╭─ Information provided
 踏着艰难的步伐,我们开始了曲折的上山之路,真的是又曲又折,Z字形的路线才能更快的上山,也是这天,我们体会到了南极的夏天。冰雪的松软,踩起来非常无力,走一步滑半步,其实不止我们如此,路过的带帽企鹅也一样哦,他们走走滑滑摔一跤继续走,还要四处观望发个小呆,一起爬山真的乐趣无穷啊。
╰─
╭─ Information provided
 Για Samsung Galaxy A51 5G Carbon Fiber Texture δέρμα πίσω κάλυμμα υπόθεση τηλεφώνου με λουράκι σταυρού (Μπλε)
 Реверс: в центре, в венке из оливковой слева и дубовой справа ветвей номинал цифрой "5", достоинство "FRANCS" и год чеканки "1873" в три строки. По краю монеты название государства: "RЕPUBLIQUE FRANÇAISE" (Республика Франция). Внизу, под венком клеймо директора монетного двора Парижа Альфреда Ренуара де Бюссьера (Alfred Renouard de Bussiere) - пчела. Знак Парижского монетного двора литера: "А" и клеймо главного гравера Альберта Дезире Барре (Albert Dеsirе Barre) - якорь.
╰─
*Problem description:* Go to the line with "Για Samsung Galaxy" in the entries above and repeat every line from there through the line with "Реверс: в центре, в", exactly and with no other text.

*Expected answer:*
 Για Samsung Galaxy A51 5G Carbon Fiber Texture δέρμα πίσω κάλυμμα υπόθεση τηλεφώνου με λουράκι σταυρού (Μπλε)
 Реверс: в центре, в венке из оливковой слева и дубовой справа ветвей номинал цифрой "5", достоинство "FRANCS" и год чеканки "1873" в три строки. По краю монеты название государства: "RЕPUBLIQUE FRANÇAISE" (Республика Франция). Внизу, под венком клеймо директора монетного двора Парижа Альфреда Ренуара де Бюссьера (Alfred Renouard de Bussiere) - пчела. Знак Парижского монетного двора литера: "А" и клеймо главного гравера Альберта Дезире Барре (Albert Dеsirе Barre) - якорь.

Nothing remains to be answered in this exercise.